The invention relates to a solid-state trip device for a multipole electrical circuit breaker with an operating mechanism of a separable contact system, comprising:
a measuring device having a current sensor per pole to detect the intensity of the current flowing in each active conductor of the alternating current system, and rectifying means, electrically connected with said sensor to deliver a first rectified control signal, proportional to the maximum intensity of the currents of the system.
a first electronic processing circuit of said first control signal, comprising at least one delayed or instantaneous trip circuit capable of sending with or without a time delay a tripping order to a solid-state switching device when said signal exceeds a predetermined threshold,
a trip coil electromagnet controlled by said switching device and acting on the mechanism, after the tripping order has been emitted, to open the separable contact system,
and a test circuit with auxiliary terminals which can be connected to a fault simulator designed to apply an artificial fault current to monitor operation of the solid-state trip device.
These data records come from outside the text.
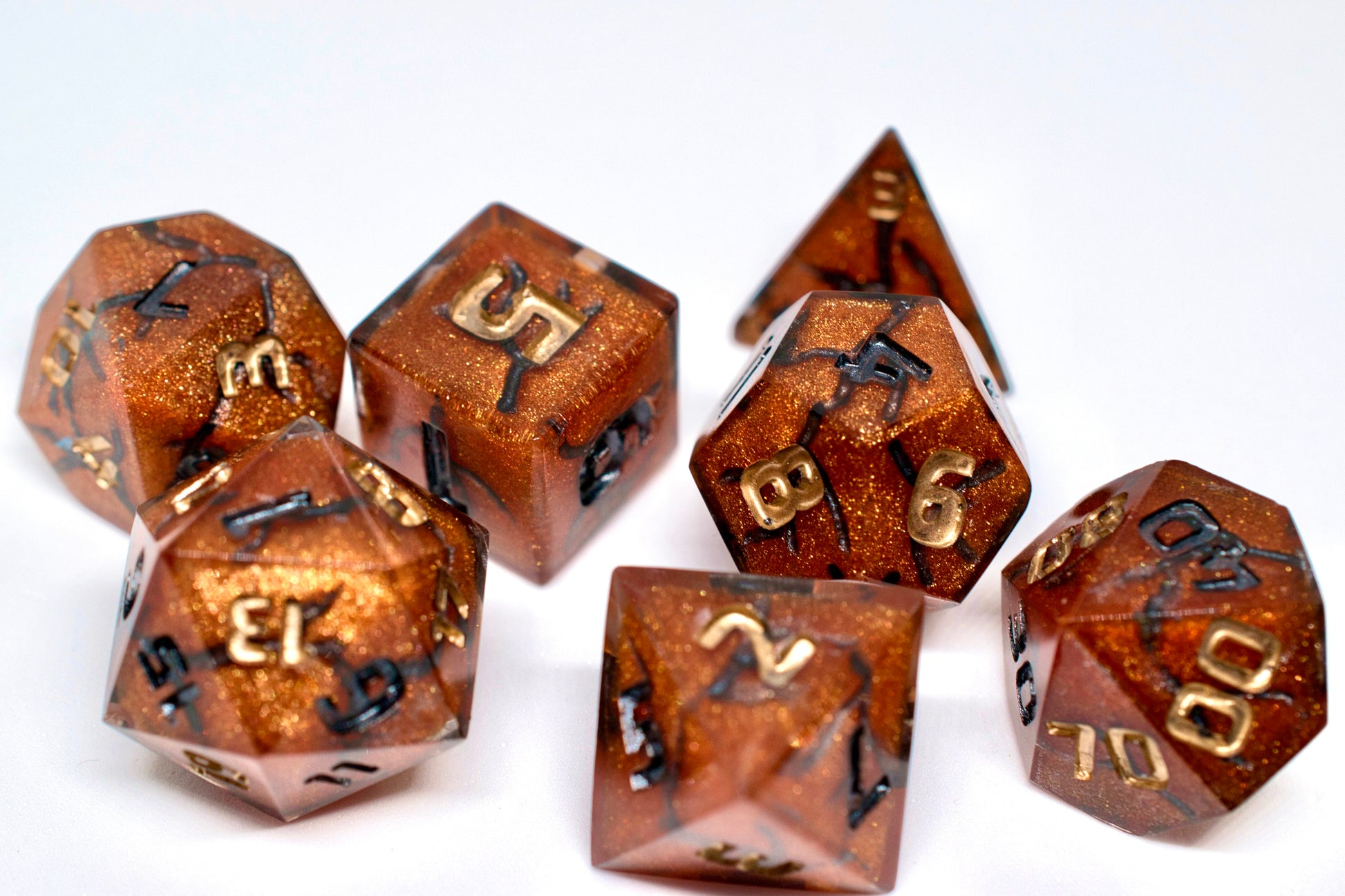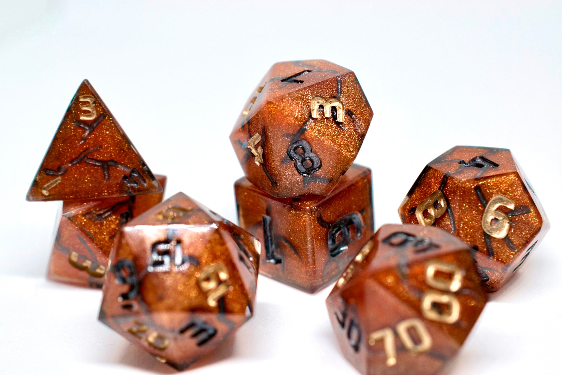 Bolts of black lightning pierce the shimmering orange of a sabbath night. These dice are finished with both black and gold ink to capture the essence of a witchy Halloween.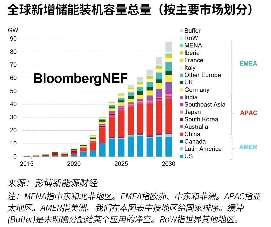 按GW計(jì),到2030年美洲地區(qū)將占到年度儲(chǔ)能裝機(jī)容量的21%。受加州、西南部和德克薩斯州的一系列大型項(xiàng)目帶動(dòng),美國是迄今為止最大的市場。由于電池成本上升,美國出現(xiàn)了一波項(xiàng)目延遲。盡管如此,美國公用事業(yè)公司繼續(xù)采購與光伏配套的儲(chǔ)能,以提高系統(tǒng)可靠性。與此同時(shí),一些長時(shí)儲(chǔ)能項(xiàng)目獲得發(fā)展動(dòng)力。智利市場改革可能為拉丁美洲新興儲(chǔ)能市場新增裝機(jī)容量加速鋪平道路。智利和巴西各地光伏和風(fēng)電裝機(jī)容量迅速增長,墨西哥電網(wǎng)投資不足,這可能為儲(chǔ)能提供機(jī)會(huì)。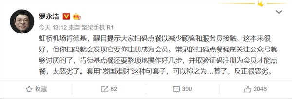 3月11日消息,锤子科技CEO罗永浩微博吐槽肯德基。罗永浩表示,虹桥机场肯德基醒目提示大家扫码点餐以减少顾客和服务员接触。这本来很好,但你扫码就会发现它要你注册成为会员。常见的扫码点餐强制关注公众号就够讨厌的了,肯德基点餐还要繁琐地操作好几步,并取验证码注册为会员才能点餐,太恶劣了。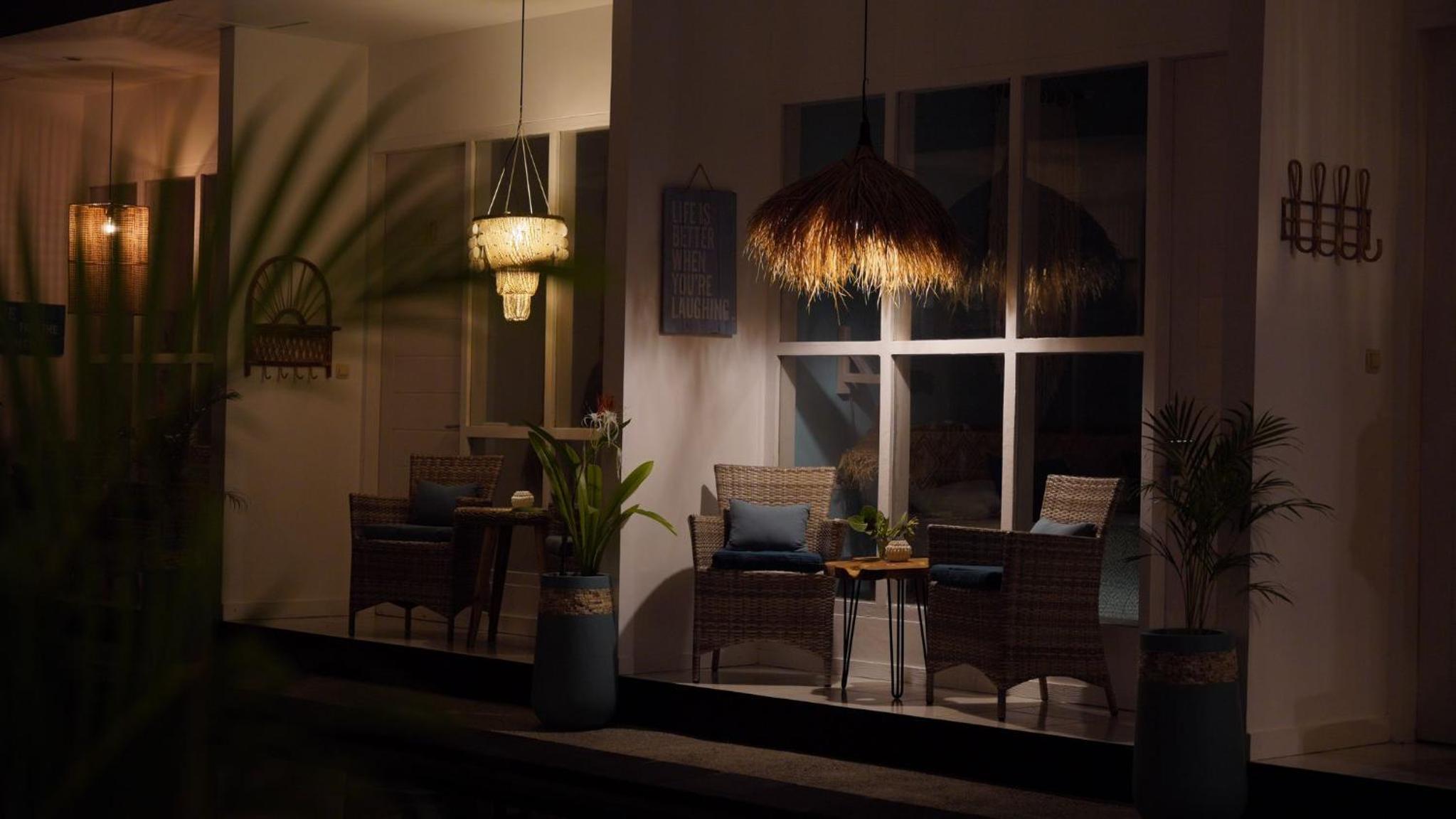 kävellen pimeällä matka ravintoloista tuntui pitkältä, mutta vuokrasimme polkupyörät jolloin matka taittui nopeasti. Oven raosta pääsee hyönteiset ja pikkuliskot sisälle, joten tämä kannattaa ottaa huomioon mikäli niitä kammoaa.
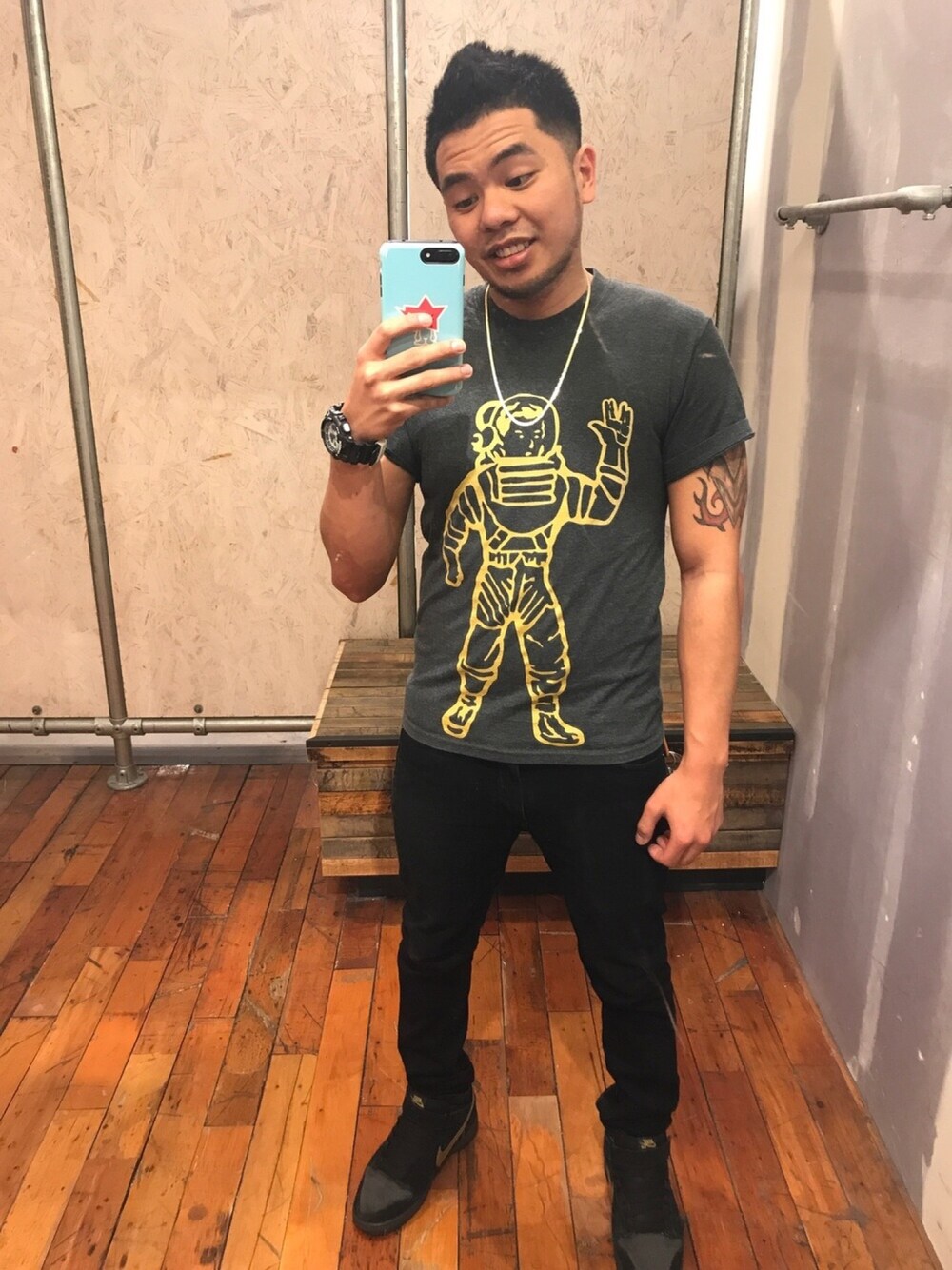 Dark Tones With Flashy Accents👌🏽 Billionaire Boys Club Astronaut Tee BDG Black Denim Casio Black&White G-shock Nike SB Mids (Black and Gold)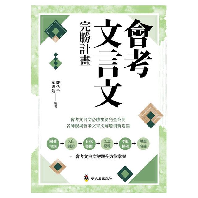 本書通過歷屆的會考試題為例子,詳細說明文言文的閱讀重點,引同學入門再利用類似文章來進行學習遷移,藉以不斷地提升解題的能力和策略,相信只要好好做,一定能破除文言文的學習焦慮,在會考國文考科中取得好成績。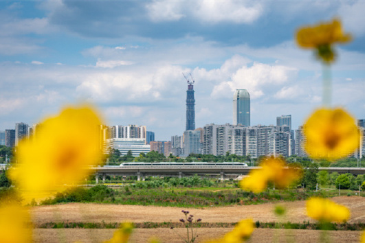 在城市的鋼鐵森林中,高鐵列車宛如一條靈動的銀蛇。它穿梭在高樓大廈之間,與城市的繁華完美相融。(投稿:潘宇)

The use of a test circuit in an electronic circuit breaker is well-known in the art, and enables operation of the trip device to be tested by applying an artificial fault current which simulates an overload or short-circuit current. The intensity of this current is generally greater than the tripping threshold of the long or short time delay trip circuit. A first test possibility is carried out when the circuit breaker is disconnected from the mains, and the electronic trip device is supplied and the artificial fault current applied by connecting the fault simulator to the test terminals. Opening of the circuit breaker contacts, following a test, informs the operator that the electronic trip device is in proper working order.
A second test possibility is when the circuit breaker is in service connected to the mains to be monitored. U.S. Pat. No. 3,924,160 refers to a test circuit of a three-phase circuit breaker enabling a D.C. test current to be applied in parallel to a diode whose anode is connected to the positive output terminal of a rectifier bridge associated with one of the current transformers. The three rectifier bridges are connected in series and the electronic processing circuit is sensitive to the strongest current:
if the intensity of the phase current delivered by the current transformers is greater than the test current, the test circuit diode is forward biased, and the processing circuit receives the phase current only;
if the test current is greater than the phase current, the test circuit diode is reverse biased and the processing circuit responds to the test current only.
A test circuit of this kind enables the processing circuit to be adapted to the strongest current, the test then being independent from the phase current intensities. Operation of the trip device is not hindered by short-circuiting of the test terminals. The problem arising from this device is the polarization of the test terminals. It is in fact absolutely necessary that the diode anode be connected to the simulator negative pole, and the cathode to the simulator positive pole. An error in connecting the simulator causes the polarity to be reversed, leading to destruction of the diode and the electronic processing circuit.
U.S. Pat. No. 4,060,844 refers to a solid-state trip device for a three-phase circuit breaker comprising a measuring circuit with current transformers cooperating with two parallel rectifier bridges. A diode test circuit is connected in parallel on the D.C. side of the rectifier bridges, the test diode anode being connected to the simulator positive pole, and the cathode to the positive output terminal of the rectifier bridges. The negative output terminal of the bridges is connected to the simulator negative pole. A trip device of this kind is insensitive to short-circuiting of the test terminals, but the test still remains polarized giving rise to the above-mentioned drawbacks.
The object of the invention is to improve the reliability and safety of test circuits built into solid-state trip devices, independent from the mains configuration.